Le président du Sénat a déclaré qu'il parlera au maire, Eduardo Cunha (PMDB-RJ), et qu'il demandera également que la police militaire et fédérale enquête sur l' existence de bombes et d'armes dans ces lieux. Renan s'est plaint que la manifestation sur la pelouse est autorisée par le maire, le député Eduardo Cunha.

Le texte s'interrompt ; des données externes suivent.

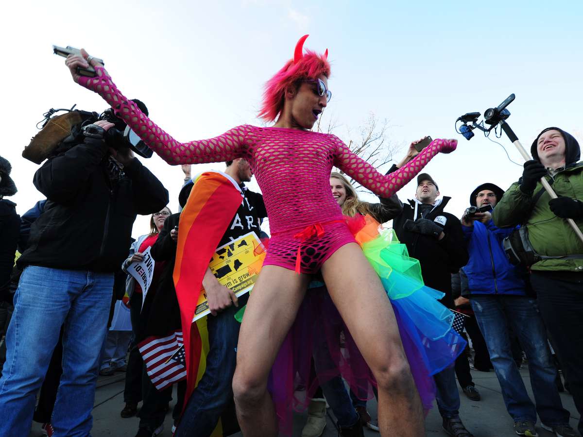 Manifestantes protestam contra o casamento gay em frente à Suprema Corte

- Rester (sur l'herbe devant le Congrès) nécessiterait le consentement des deux présidents. Je ne suis pas d'accord avec cela (le camp), mais même ainsi l'occupation a été faite. Le président du Sénat seul ne peut ni autoriser ni enlever les manifestants. Je vais parler au président Cunha des faits nouveaux. Ma solidarité avec les femmes, pour ma part, je vais demander au Premier ministre et au FP d'enquêter sur l'existence de bombes, d'armes et de prendre des mesures conformément à la loi, a prévenu M. Renan.

L'adjoint Ivan Valente (PSOL-SP) est en possession de deux capsules de revolvers qui auraient été tirés en rafale dans la confusion de l'après-midi de mercredi sur la pelouse du Congrès national. Il remettra les capsules au président du Sénat Renan Calheiros (PMDB-AL). "Cela finira très mal d'ici si vous n'agissez pas bientôt", a déclaré Valente.

Le député Benedita da Silva, qui était l'un des coordinateurs de la 1ère Marche des Femmes Noires, a déclaré que le groupe - estimé à environ 10 000 femmes - a été surpris par les militants politiques qui campent depuis des semaines sur la pelouse. "Nous avons été empêchés de poursuivre l'acte. Nous avons été surpris par l'agression, avions des tirs et des bombes - a déclaré le député.